However, the coming momentous events will hardly conform to popular domestic expectations.

The fate of the peso should be a prime example.

For those who have followed me through the years, one would have noted of my transformations: From the most ardent bull to the most ferocious bear on Philippine assets.

And since my ‘proselytization’, which have actually been premised on the transitional phases of the business cycle, I have not only accurately predicted the turnaround of the USD php in 2014, but likewise have consistently been projecting of the fall of the peso.

Here are select excerpts from my (now private) blog:

Thus the continuing credit boom will mean a weaker peso and significantly higher interest rates than the consensus expectations. Tomorrow’s fundamentals will materially be distinct from that of the yesterdays.
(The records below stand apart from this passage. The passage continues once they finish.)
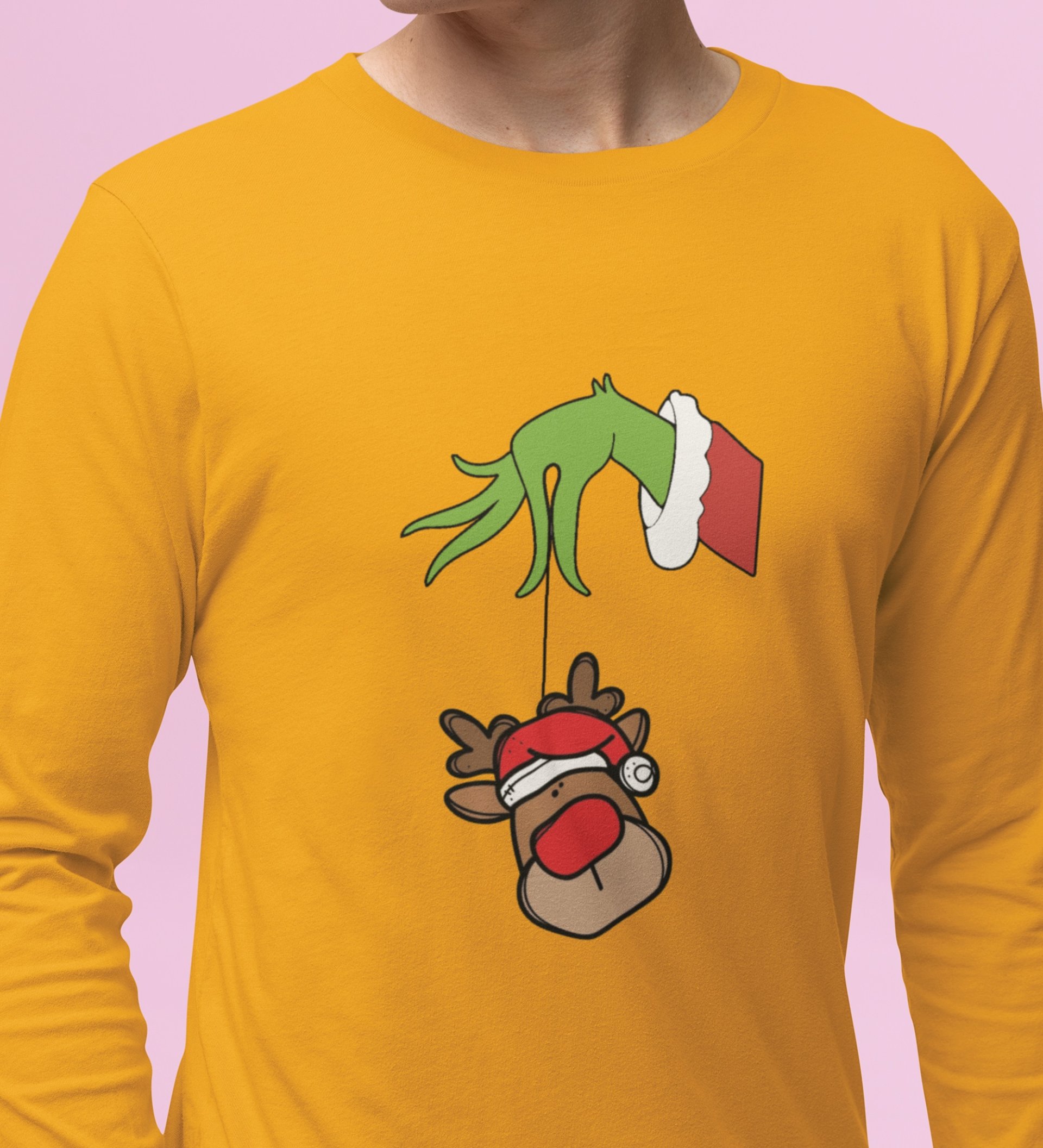 Alien & Reindeer:Yellow Christmas Edition PrintedFull Sleeve T-shirt - Ideal for Spreading Holiday Cheer at Gym, Yoga, and Outdoor Activities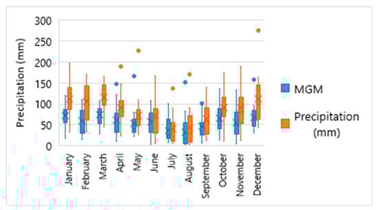 Monthly Climate Forecasting System Reanalysis (CFSR) and Turkish State Meteorological Service (MGM) precipitation distribution.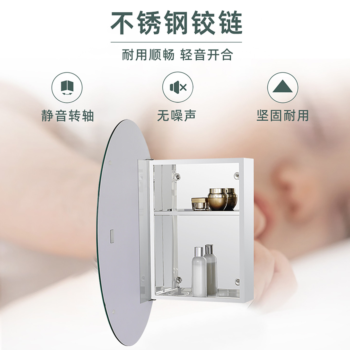 加高圆弧智能浴室镜柜卫生间美妆收纳一体镜子带插座置物架太空铝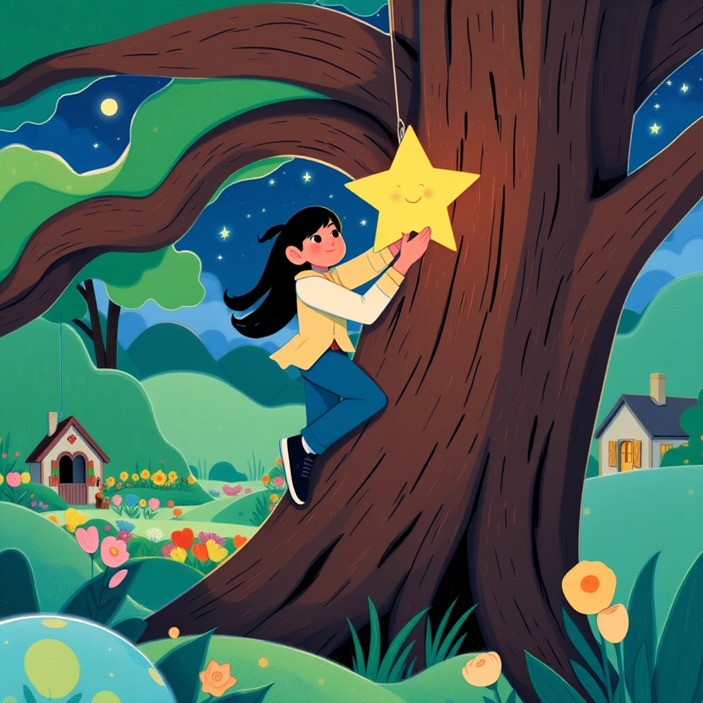 [Maya](SXVNL36M) suggested climbing her backyard's tallest oak tree to help [Stella](YN2D9MN2). [Maya](SXVNL36M) carried the glowing star carefully, feeling its warmth like sunshine as they climbed together.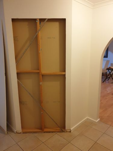 Small bar off Lounge.Closing off old entrance. want to make new doorway through drywall in hallway. Cot out drywall on hall side encountered steel bra ...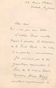 …L’éditeur Dent semble disposé à prendre la traduction de la Porte Etroite – du moins à en prendre… connaissance. Le très sympathique Bryan Rhys, représentant de cette maison d’édition à Paris, en attend la dactylographie et Gide demande à son correspondant de lui faire tenir l’unique exemplaire que je vous ai confié – et autant que possible de le lui remettre de la main à la main (ou en tout cas de lui déposer pour lui 33 quai des Grands Augustins où je crois que vous le trouverez tous les matins)…*

Mull over how all these will impact earnings, economic growth, credit conditions and more. 

(Prudent Investor Newsletter Phisix: Why Tomorrow’s Fundamentals will be Distinct from Yesterday March 3, 2014; USD Php 44.715)

So this means that for as long as the BSP permits the inflation of credit fueled asset bubbles, surging price levels compounded by deteriorating or massive expansion of debt conditions will persist to manifest on a corrosion of the much vaunted external conditions of the Philippine economy that will be expressed on interest rates and on the peso.
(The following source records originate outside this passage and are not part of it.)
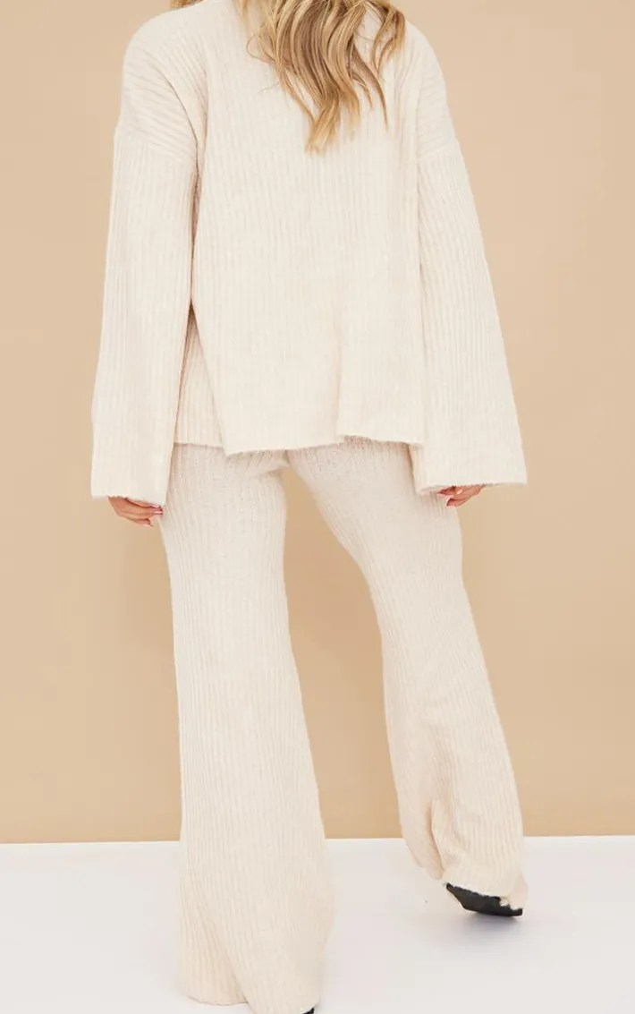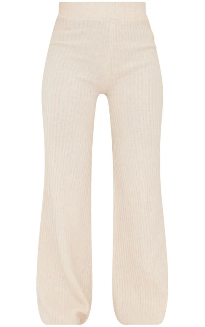 Enter the new season in style with these bottoms. Featuring an oatmeal hue rib knit material with a wide leg design. Wear with the matching top for a chilled look we’re loving.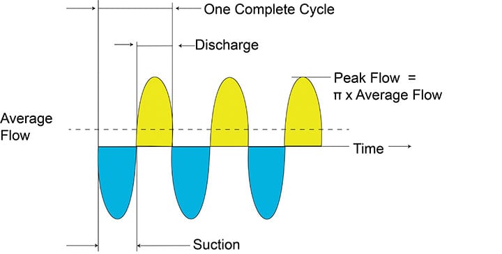 1. 泵送動(dòng)作是由往復(fù)動(dòng)作發(fā)展而來的。這種往復(fù)運(yùn)動(dòng)產(chǎn)生流動(dòng)正弦波。實(shí)際流量由圖 1 中的公式確定。
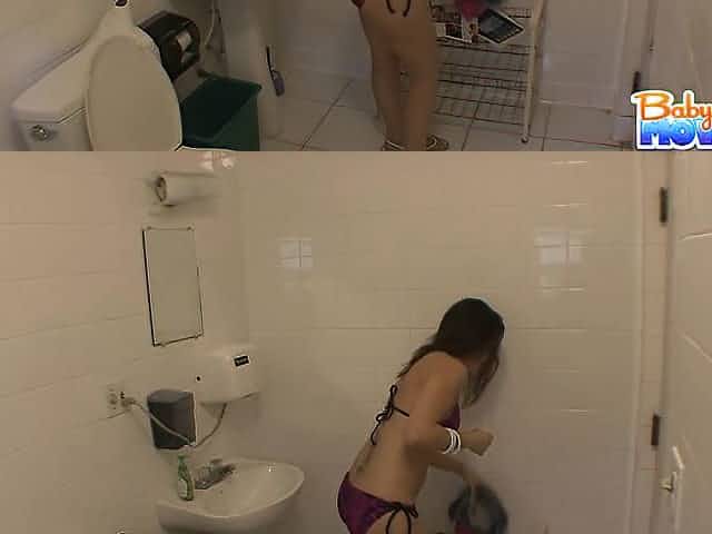 Busty blonde polesmoking and driving in toilet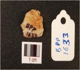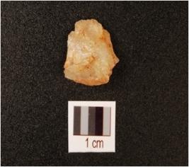 | Description / विवरण | A small flake made on quartz with prepared platform, ridge on dorsal and use wear on edges. |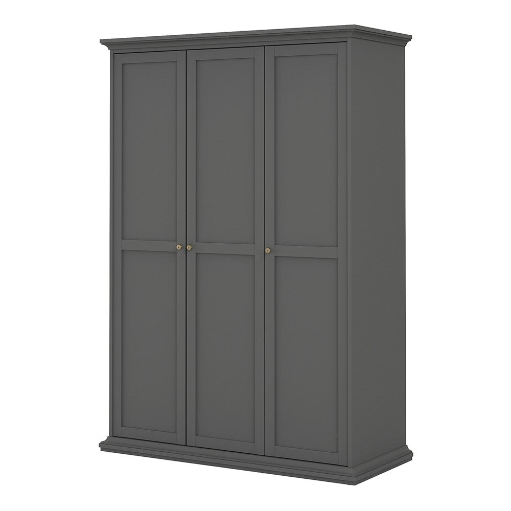 Paris Wardrobe with 3 Doors in Matt Grey.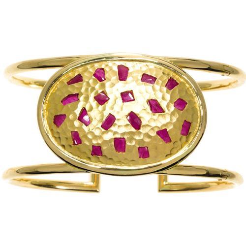 <B>Ruby, Gold Bracelet, Lunia</B></I><BR><BR>The bangle features a central shield-shaped plaque, enhanced by polished rubies of varying shape and size, flush set in hammer finished 18k yellow gold. A matte finished box clasp secures the bracelet. From the Coera Collection by Lunia. Gross weight 42.70 grams.<BR><I>Dimensions: 8 inches x 1-1/4 inches</B></I> <B>Condition Report:</B> Bracelet<BR><BR>Designer: Lunia<BR><BR>Colored Gemstones: Ruby<BR><BR>Average Clarity: Good<BR><BR>Shapes: Other<BR><BR>Gemstone Count: 1-25<BR><BR>Notes: Excellent Condition. Rubies have pinkish-purple-red color and are very lively. Weight of rubies is indeterminable.<BR><BR><BR><b>Shipping:</b> Miscellaneous Collectibles, Smal (<a target="_blank" href="http://www.heritageauctions.com/common/shipping.php">view shipping information</a>)
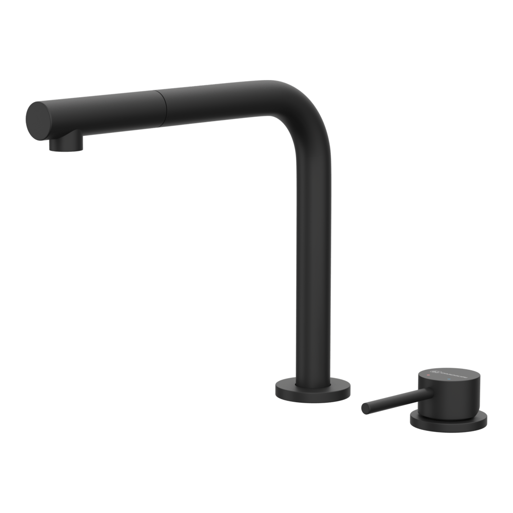Смеситель для кухни Omoikiri Nara-S оснащен рычажным управлением для регулировки температуры и напора воды. Горизонтальный монтаж на 2 отверстия. Вытяжной излив 220 мм.
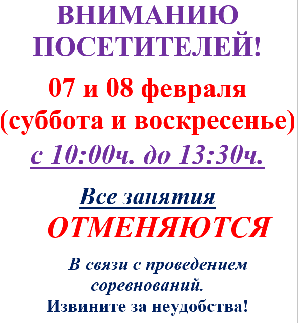 Отмена занятий в связи с проведением соревнований «Мастерс» ВНИМАНИЮ ПОСЕТИТЕЛЕЙ! 07 и 08 февраля (суббота и воскресенье) с 10:00ч. до 13:30ч. Все занятия ОТМЕНЯЮТСЯ В связи с проведением соревнований. Извините за неудобства! 2026-02-06 admin-chayka

(Prudent Investor Newsletter Phisix: BSP’s Response to Peso Meltdown: Raise Banking Reserve Requirements March 31 2014; USD Php 44.815)

My crystal ball portends that the USD PHP in 2016 may hit 50 or may even jump past 50. USD Php 50 would be my end of the year target. At 50, the USD PHP would translate to an annual 6.02% gain.

Should a crisis (regional or global) surface, then the 56.45 high during October 13, 2004 will most likely come into picture. For the USD PHP to reach the 2004 level means that the USD will soar by 19.95% against peso.

(Prudent Investor Newsletter Phisix 6,575: Good Bye 2015: Year of Propaganda! Hello 2016: Year of the Grizzly Bears?January 11, 2016; USD PHP 47.27) [Before It’s News Link] 

This is why I believe that the USD peso will eventually break the 50 level. And even more, the USD php will go on to breach the 2004 high of 56.45 in the fullness of time. It may be this year or it may be next.

Philippine Peso: Internal Dynamics As The Critical Factor; Why the Peso Will NOT Be Immune to External Forces January 22, 2017 (January 23, 2017: 49.87) 

Perhaps I may not be alone in having accurately predicted of the peso’s historic travails. Although, of course, I will be glad and thankful to anyone who might be able to provide information of such fellow travelers—if there have been any at all.

For now, the peso’s 10-year low should serve as my victory lap!

Denial of the Philippine Internal Problems Ensures of the Pesos’ Deeper Fall!

It’s easy to see why peso bears would still signify a rare breed.

Popular rationalizations of the pesos’ downfall virtually showcase the prevailing mindset behind the current developments.

Media and the establishment experts have remained in DEEP DENIAL over the fate of the peso!

The pesos’ dilemma has been described as either impliedly an anomaly or as mainly influenced by external factors. The latter is known as the cognitive error called the self-serving fundamental attribution bias.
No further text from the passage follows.